[Stored items]
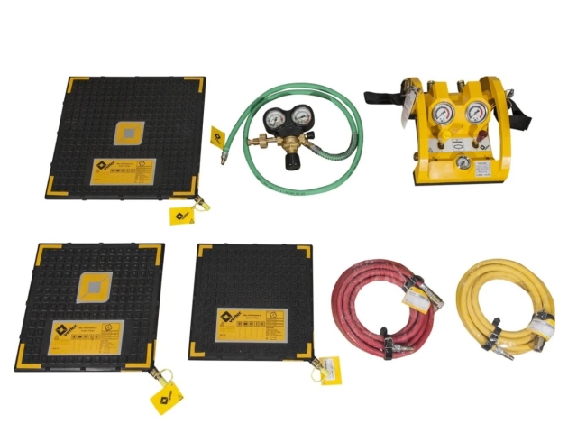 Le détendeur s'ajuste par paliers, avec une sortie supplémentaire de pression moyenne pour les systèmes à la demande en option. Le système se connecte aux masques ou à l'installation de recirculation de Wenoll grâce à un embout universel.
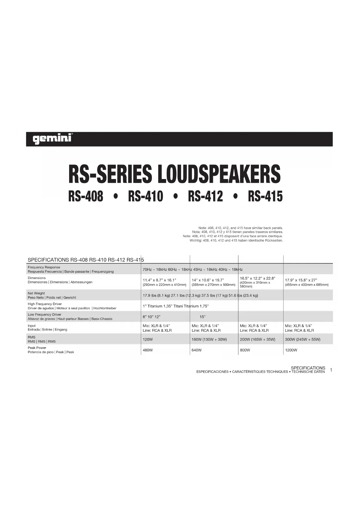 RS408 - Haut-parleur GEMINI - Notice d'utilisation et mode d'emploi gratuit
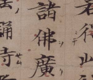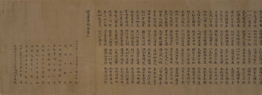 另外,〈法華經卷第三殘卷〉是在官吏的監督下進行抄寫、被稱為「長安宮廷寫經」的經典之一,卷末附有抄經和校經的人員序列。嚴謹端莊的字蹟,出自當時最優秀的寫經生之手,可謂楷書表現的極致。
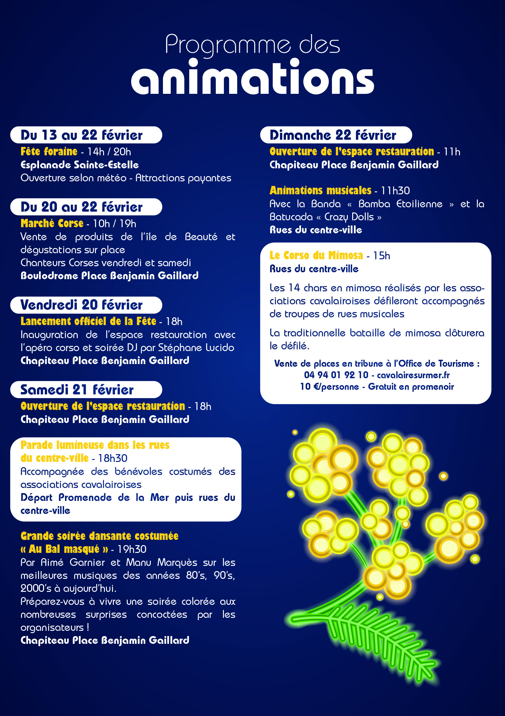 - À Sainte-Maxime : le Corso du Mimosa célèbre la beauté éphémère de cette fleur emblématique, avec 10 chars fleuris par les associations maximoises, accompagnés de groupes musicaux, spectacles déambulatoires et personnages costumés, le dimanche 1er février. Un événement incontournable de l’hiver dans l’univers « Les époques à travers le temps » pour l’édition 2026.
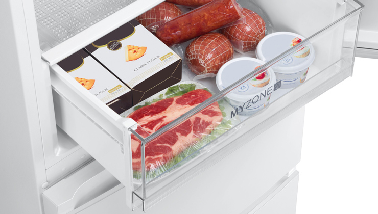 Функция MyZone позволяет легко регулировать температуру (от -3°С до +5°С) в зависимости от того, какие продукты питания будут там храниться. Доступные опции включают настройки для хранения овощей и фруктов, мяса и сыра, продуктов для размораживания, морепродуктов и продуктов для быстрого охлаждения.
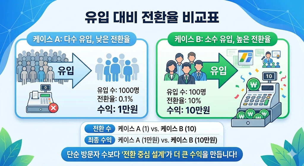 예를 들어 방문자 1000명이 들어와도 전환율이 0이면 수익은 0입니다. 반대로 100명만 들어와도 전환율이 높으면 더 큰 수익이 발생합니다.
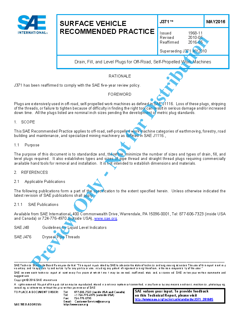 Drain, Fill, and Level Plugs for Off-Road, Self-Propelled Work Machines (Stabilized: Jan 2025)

▶ [TASK PROMPT]: Once the line containing "Функция MyZone позволяет" is found, copy it and each line after it through the end of the entries above exactly; nothing else, and no pictures.

▶ [ANSWER FOR THIS EXERCISE]:
 Функция MyZone позволяет легко регулировать температуру (от -3°С до +5°С) в зависимости от того, какие продукты питания будут там храниться. Доступные опции включают настройки для хранения овощей и фруктов, мяса и сыра, продуктов для размораживания, морепродуктов и продуктов для быстрого охлаждения.
 예를 들어 방문자 1000명이 들어와도 전환율이 0이면 수익은 0입니다. 반대로 100명만 들어와도 전환율이 높으면 더 큰 수익이 발생합니다.
 Drain, Fill, and Level Plugs for Off-Road, Self-Propelled Work Machines (Stabilized: Jan 2025)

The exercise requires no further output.